Эти секунды, казалось, длились вечность. Меня охватило отчаяние. Моё сердце упало, моё тело обмякло. Меня окружила тьма. Я не мог пошевелиться, чтобы выглянуть из-за насыпи. Я просидел там целые световые годы, пока не вернулся Уилсон с остальными. Они отошли от мины до подрыва, и никто не пострадал. Мне хотелось проблеваться. С самого начала я переживал из-за возможности случайно ранить или убить кого-нибудь из своих. Когда столько подростков имеют при себе столько оружия, это обязательно должно было с кем-то произойти. Мне не хотелось, чтобы это был я, я больше беспокоился о том, чтобы никого не задеть, чем о том, что меня самого могут подстрелить. Почему, я не знаю.
Позже в тот же день нас снова обстрелял Чарли с Огневого Рубежа. Мы уже почти собрались уходить, так что, в принципе, мы просто ушли. Для представительности мы небрежно выпустили несколько пуль в его сторону.
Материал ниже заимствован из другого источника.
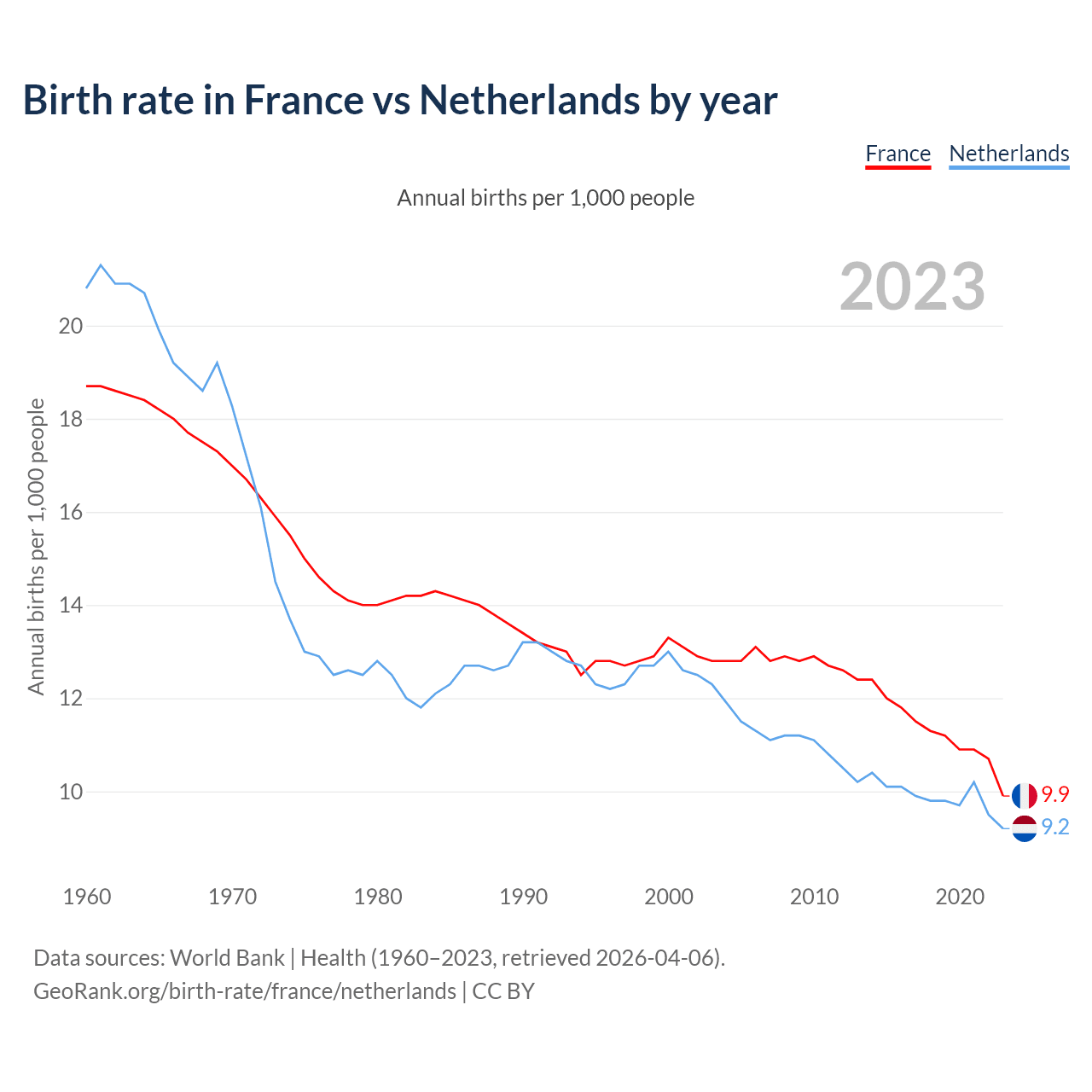 GeoRank.org/birth-rate/france/netherlands | CC BY
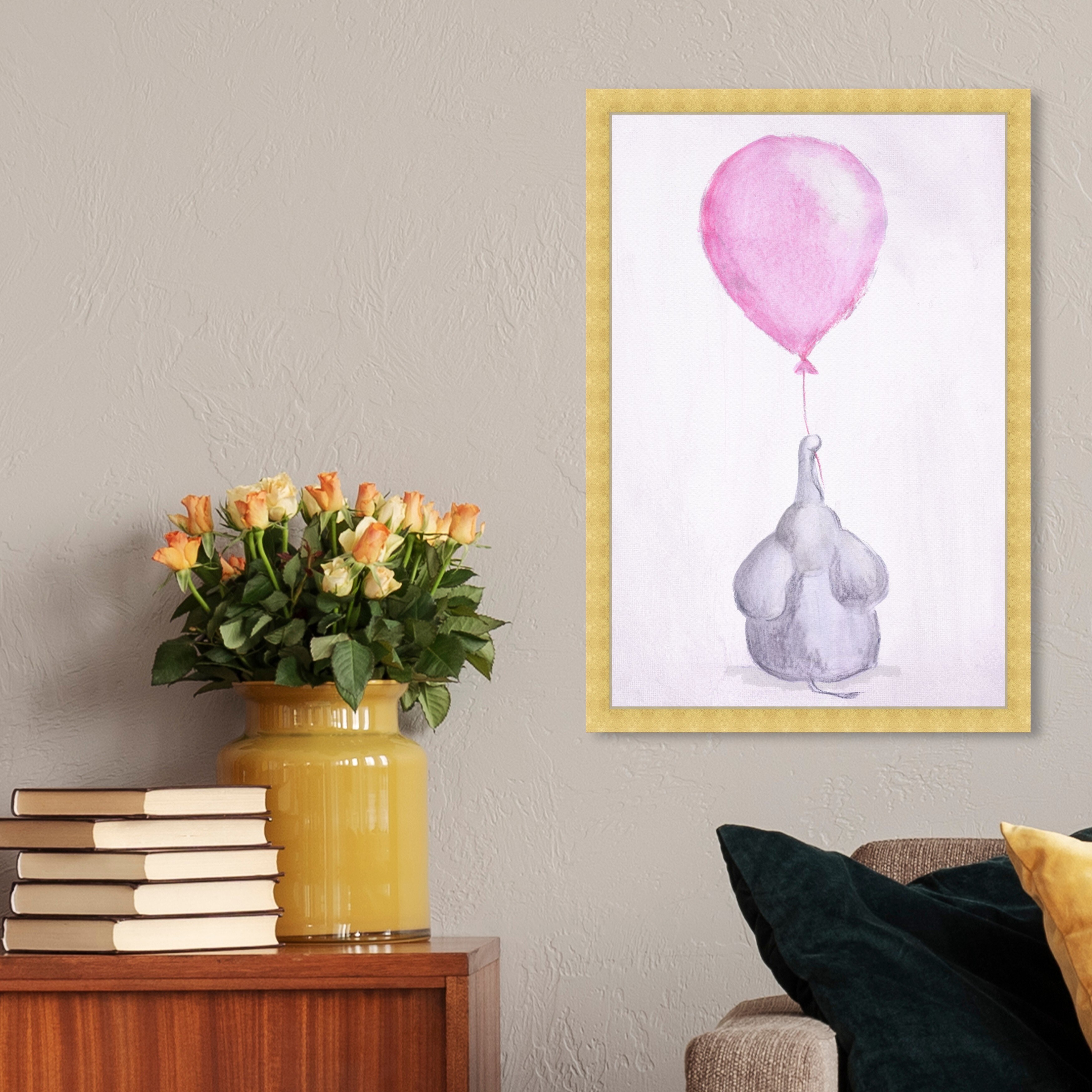 Oliver Gal 'My Pink Balloon' Animals Wall Art Framed Print Zoo and Wild Animals - Pink, Gray
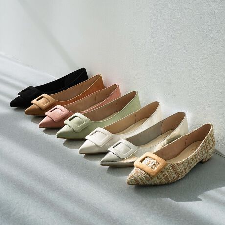 人気のバックルフラットパンプス。
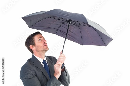 Businessman sheltering under black umbrella
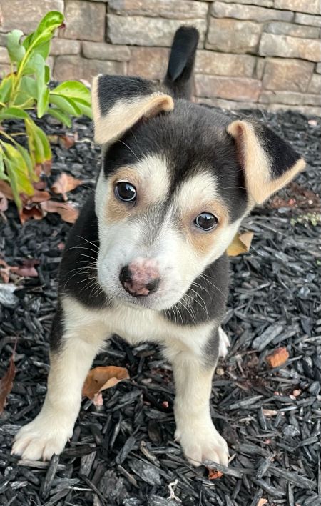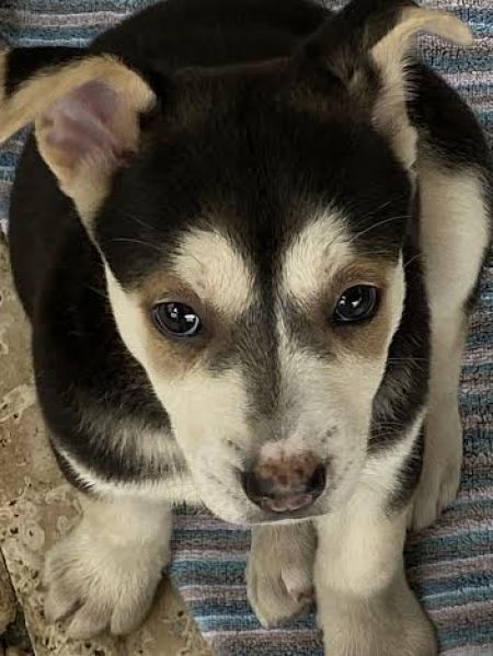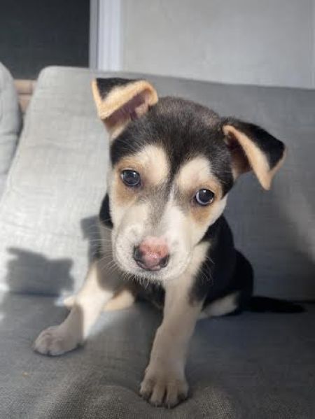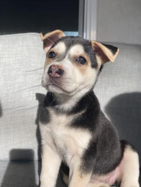 The mom is a Husky and German Shepherd mix. We aren't sure what dad was. Bugsy primarily has German Shepherd coloring but also some Husky features around her face. She weighs 10 pounds and is 8 weeks old. She is a confident, fun-loving girl. She loves to play with dogs larger than her and explore around the bushes in the backyard. Though she is an active girl, she can quiet down and snuggle with the best of them.
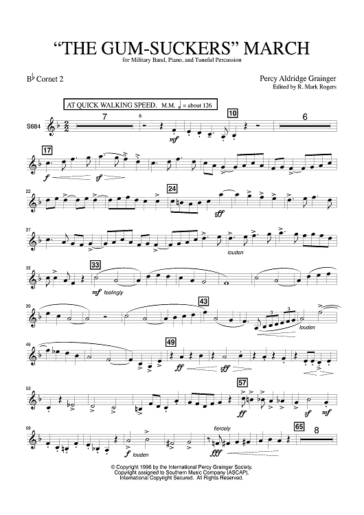 Digital Sheet Music for The Gum Suckers March - Bb Cornet 2 by Percy Grainger, R. Mark Rogers scored for Concert Band; id:503515
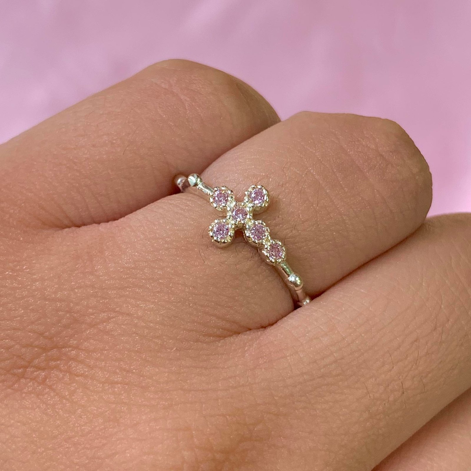 » Anillo Cruz con Piedras ROSA de Plata 925

Чистая показуха.
Дома, в Штатах, учителям в колледжах с трудом давалось решение о несдаче экзамена. Это означало, что студент терял освобождение от призыва и отправлялся в далёкие джунгли, где, возможно, погибал. В нашей школе всё было наоборот. Все её успешно оканчивали и могли отправляться в джунгли, где, возможно, погибали. Никто не проваливался на экзаменах, даже я со своим дурацким, подростковым инцидентом с подрывом клаймора. Церемония выпуска была весьма краткой, собственно, заключалась она в рукопожатии. Мы даже не получили какого-либо диплома. Один из сержантов, которому случилось быть рядом, пожал нам руки и пожелал успехов на прощание. Я даже не помню, кто это был, по-видимому, Фуэнтес, но точно не Уилсон. Большинство инструкторов уже сидели в своих палатках и пили пиво, когда мы разошлись.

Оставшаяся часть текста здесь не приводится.